“Then I am also a slave.”
She knew the true answer to that. “The one slave who escaped from the mines.”
His face was shadowed, but she could see the smile growing there; she didn’t need to see his face to see his heart. “Shall I make a story out of that too? Even that? Shall I turn it all into stories for the puppets to tell? A man could spend his life at that work, Birle.”
The wind blew around them, where they stood together. This night wind might blow in a storm, or it might blow in a clear morrow; there was no way for Birle to know. She could know only that a dark wind was blowing around them, and it was time to go into the safety of the house.
Orien seemed to think the same, for he took her hand and pulled her toward the open door. “You didn’t tell me what kind of child we had.”
“I had,” she corrected him.
He ignored her, shutting the door behind them and—for all that he spoke of the baby—his bellflower eyes hungry only for her face.

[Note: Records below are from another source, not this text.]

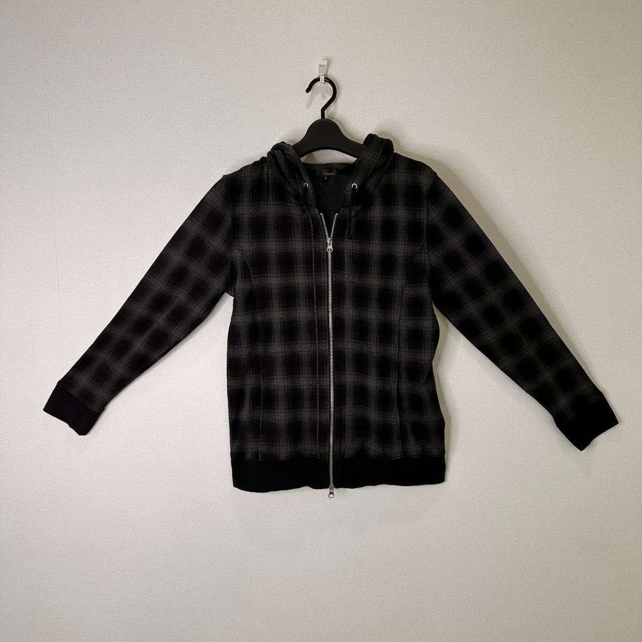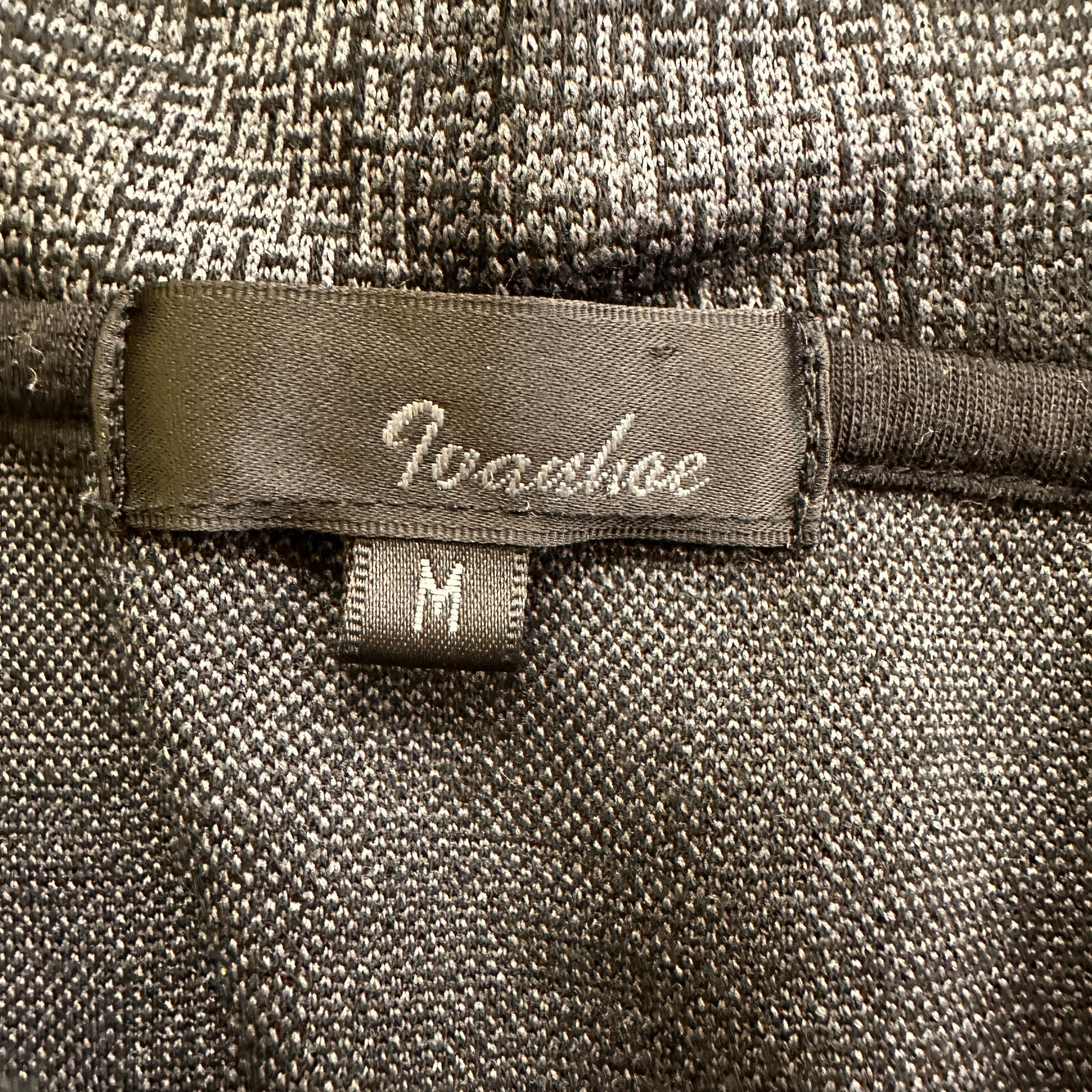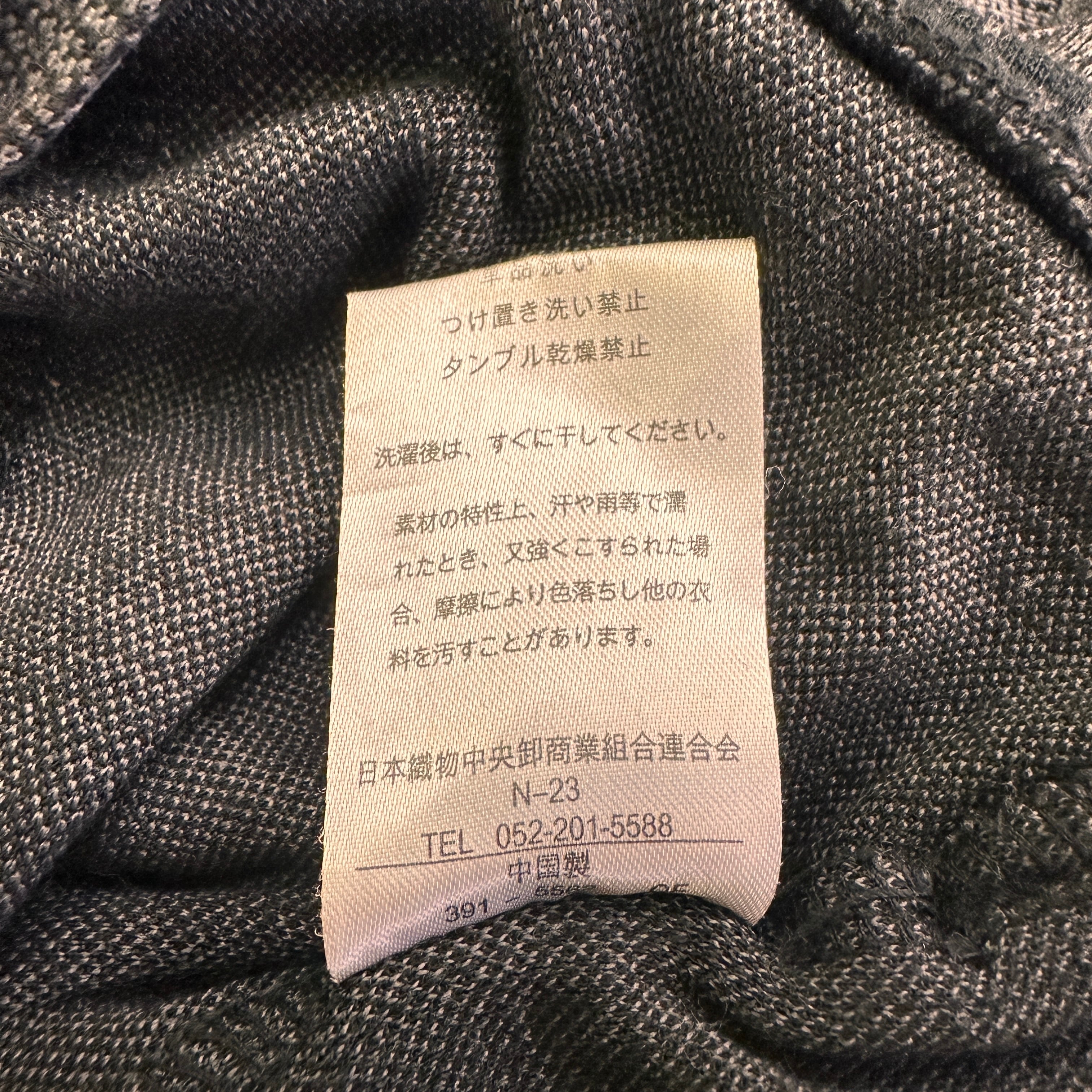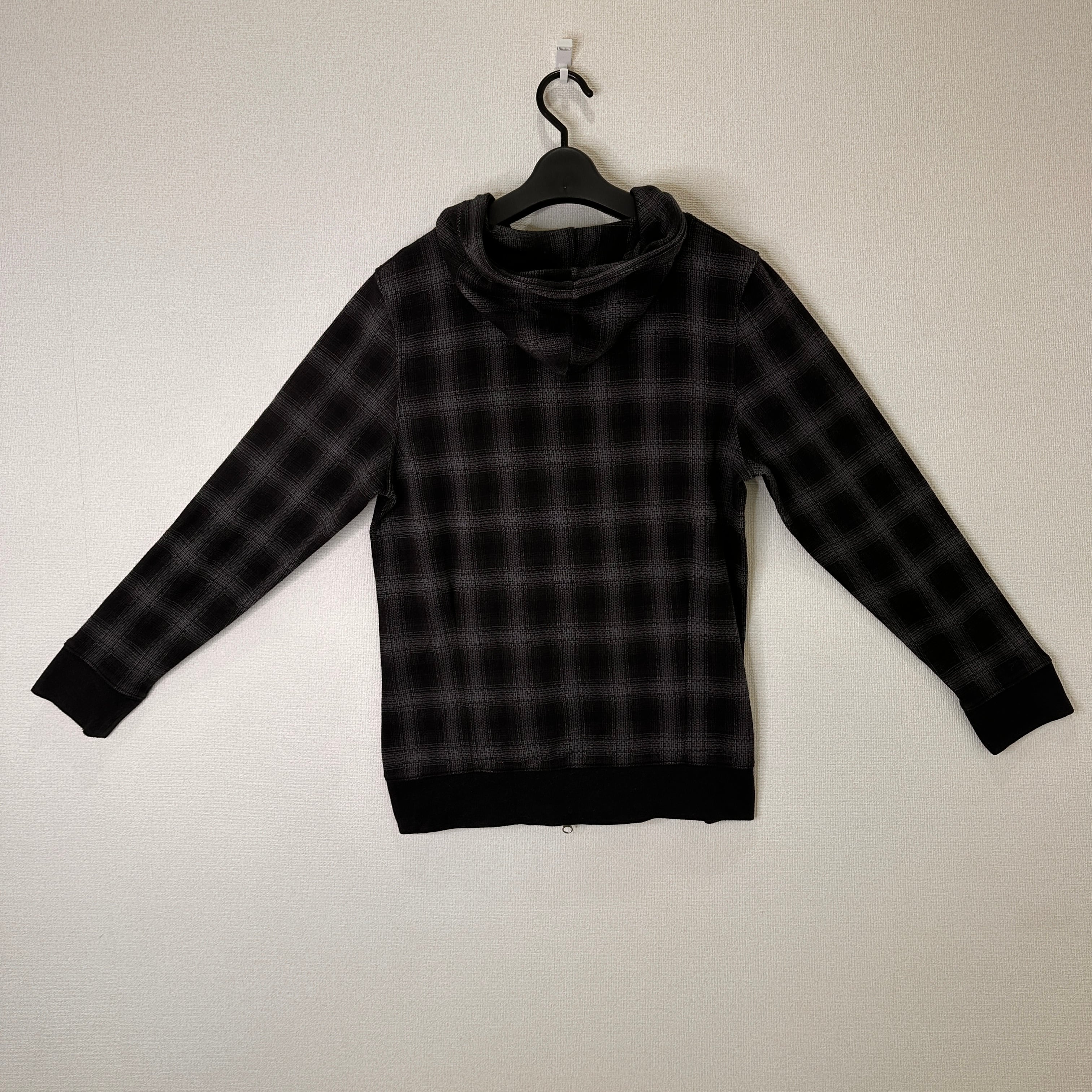 色はグレー系で、細かい千鳥格子のような模様(ジャガード織り、またはプリント)が入ったデザインです。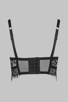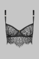 Corbeille bra with underwiring teaming a stiff Gothic lace with Swiss dot mesh. Wide, adjustable elasticated straps for perfect support. Adjustable hook-and-eye fastening on the back. A haunting piece of lingerie that is iconic of the Inspiration Divine collection.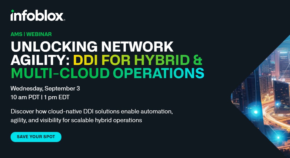 AMS – Unlocking Network Agility: DDI for Hybrid & Multi-Cloud OperationsAugust 5, 2025Deepak VermaDiscover how cloud-native DDI solutions enable automation, agility, and visibility for scalable hybrid operations. Read more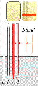 Every snowperson needs a broom. Draw a rectangle for the bristles. Use the Rounded corner option. Convert the rectangle to Editable Shapes, and flatten the top as shown on the right. Make a duplicate, use the Shape Tool to Break at Points leaving just a J-shaped curve (shown under the word Blend). Make a duplicate, squash it width-wise, and position it in the center of the modified rectangle shape. Give both cures a dark gold color and apply a 12-Step Blend. Flop and duplicate the blend for the other half of the bristles. Draw a tall, slim rectangle for the broom handle (a.). Use the Rounded Corners option (b.). Use the Shape Tool to square off the top (c.). Make a duplicate, fill pink, squash the shape width-wise. Apply a Linear Transparency (d.).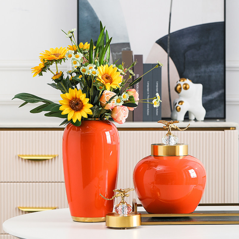 Jingdezhen Ceramic Vase Ornament Light Luxury Decoration New Chinese Style Living Room Entrance Hotel Lobby Club Countertop Flower Arrangement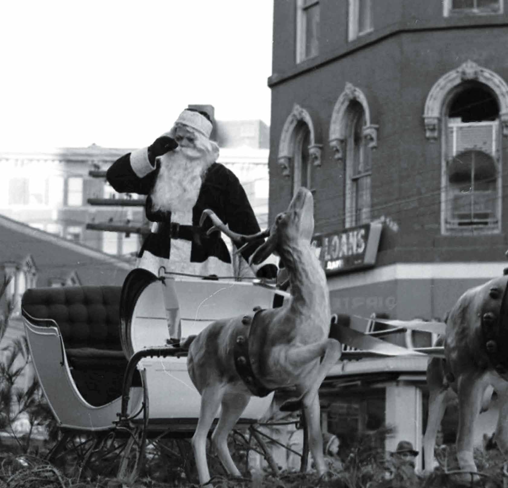 Freese’s Department Store, captured from its Main Street side, went all out in December 1957 with hundreds of flashing holiday decorations.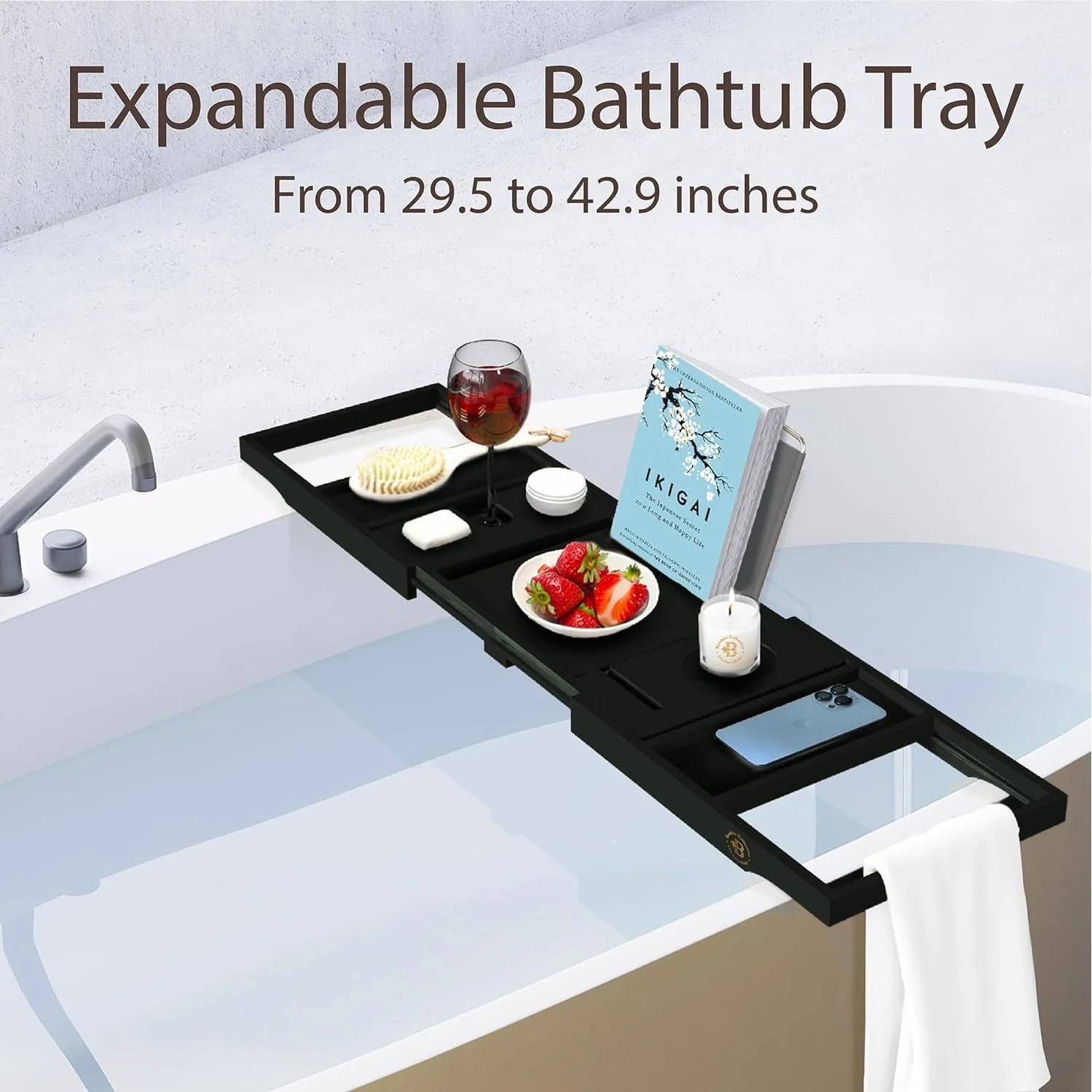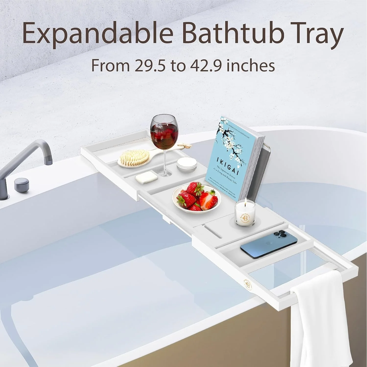 - ULTIMATE CONVENIENCE & ELEGANCE: This bath tray for tub is thoughtfully designed compartments for your wine glass, phone, tablet, and luxurious items that are meticulously arranged. Indulge in an elegant and uninterrupted soak with everything you desire right at your fingertips.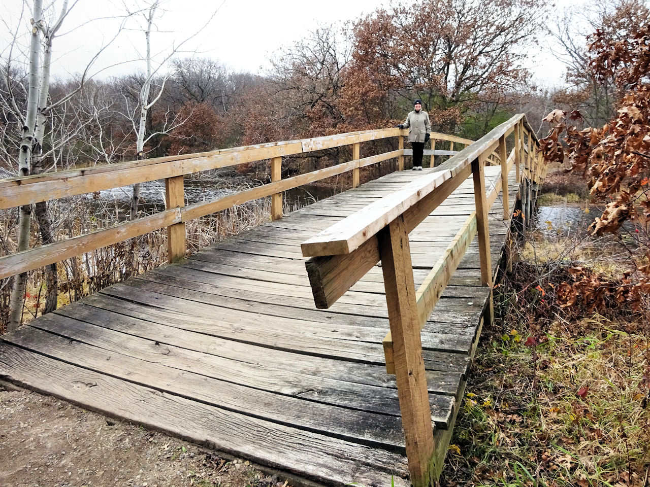 leaf-covered rocks and tree roots, crossed a rickety wood bridge,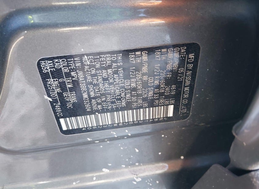 - VIN: JN8AT3BB2MW232604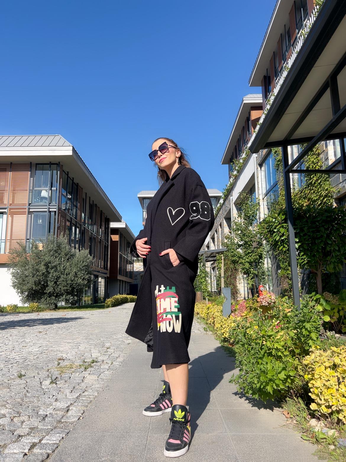 Kaşe Baskı Detaylı Kaban
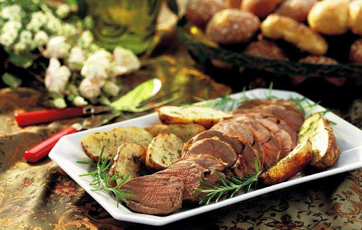 .5Bake until lamb is done to taste, about 45 minutes for medium-rare. Let stand for 5 minutes. Cut into slices. Arrange lamb slices and potatoes on a serving platter. Serve immediately with pan drippings, if desired.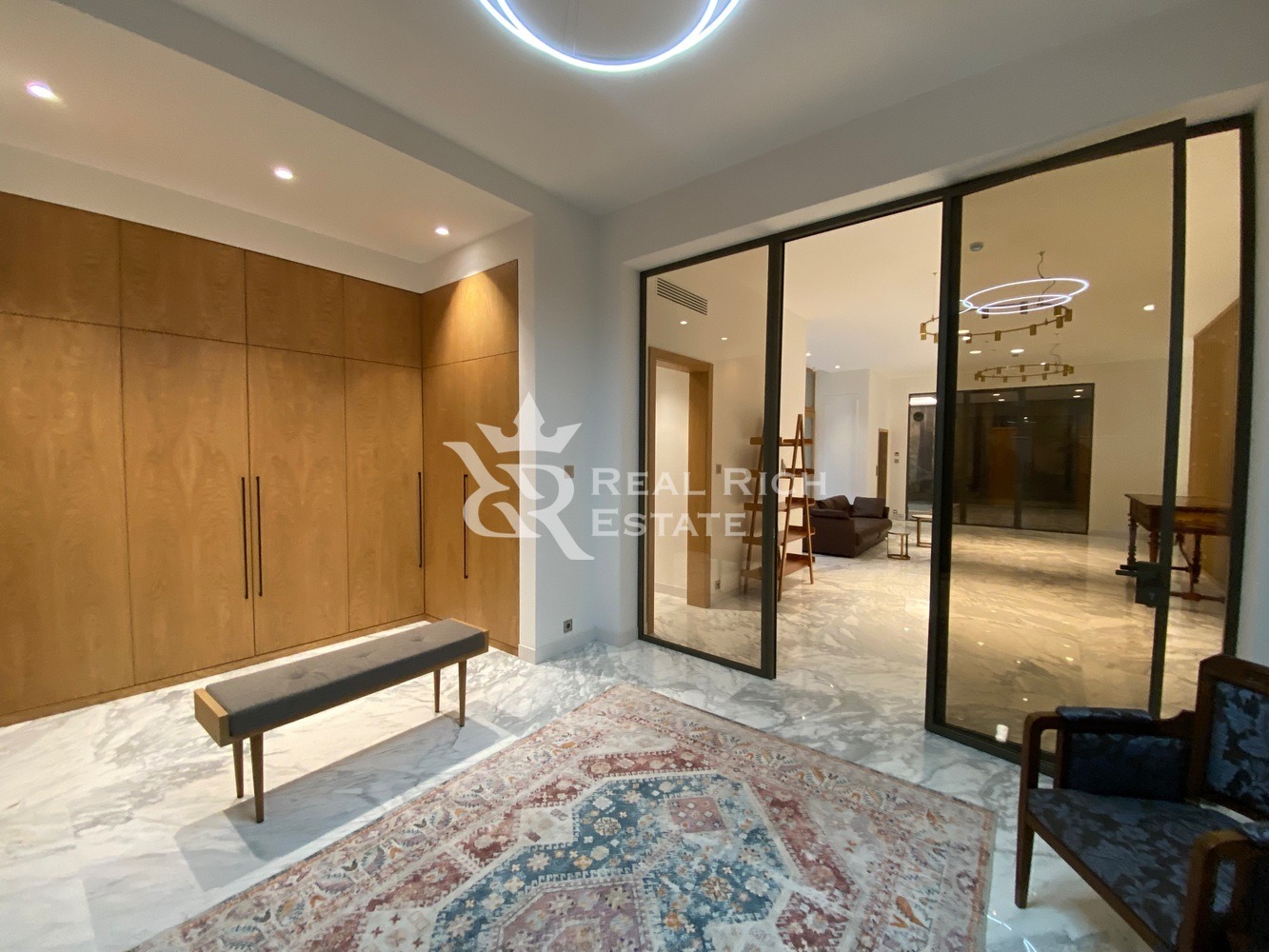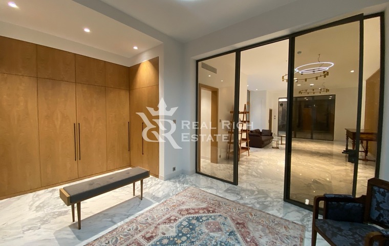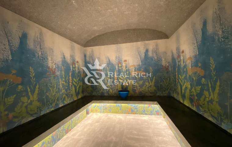 2 этаж: 2 блока по 2 спальни с гардеробными и санузлами, мастер-спальня с камином, большой гардеробной, санузлом и приватными террасами.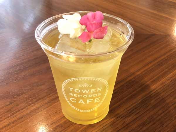 TOWER RECORDS CAFE渋谷店では、好きなドリンクに追加料金1,250円+税でスーベニアグラスを付けられる。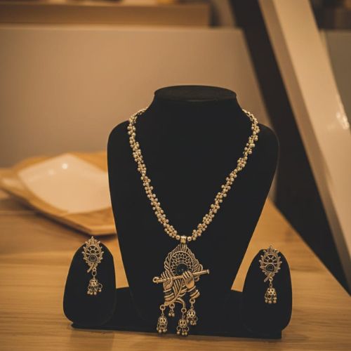 271 Krishna Flute Oxidised Set

“A girl,” she said. “We have a daughter. We’ve named her Lyss, after my mother.” She put her hand against his mouth, to quiet his laughter. “She has her father’s eyes,” Birle told him, “but she’s asleep for now.”
He held her hand and spoke softly against her fingers. “And should not be awakened, I think. But may I not waken her, Birle?”
“If you do that, she’ll stay awake.”
“Then we’ll watch the night through with her,” he argued, “all three together. There are worse fortunes to be had, and few better, as I think. What do you say, Birle, do you say yes? Lady, my heart, when you smile like that—let the child sleep, morning will come soon enough, all of the mornings to come will come in their time and for now—”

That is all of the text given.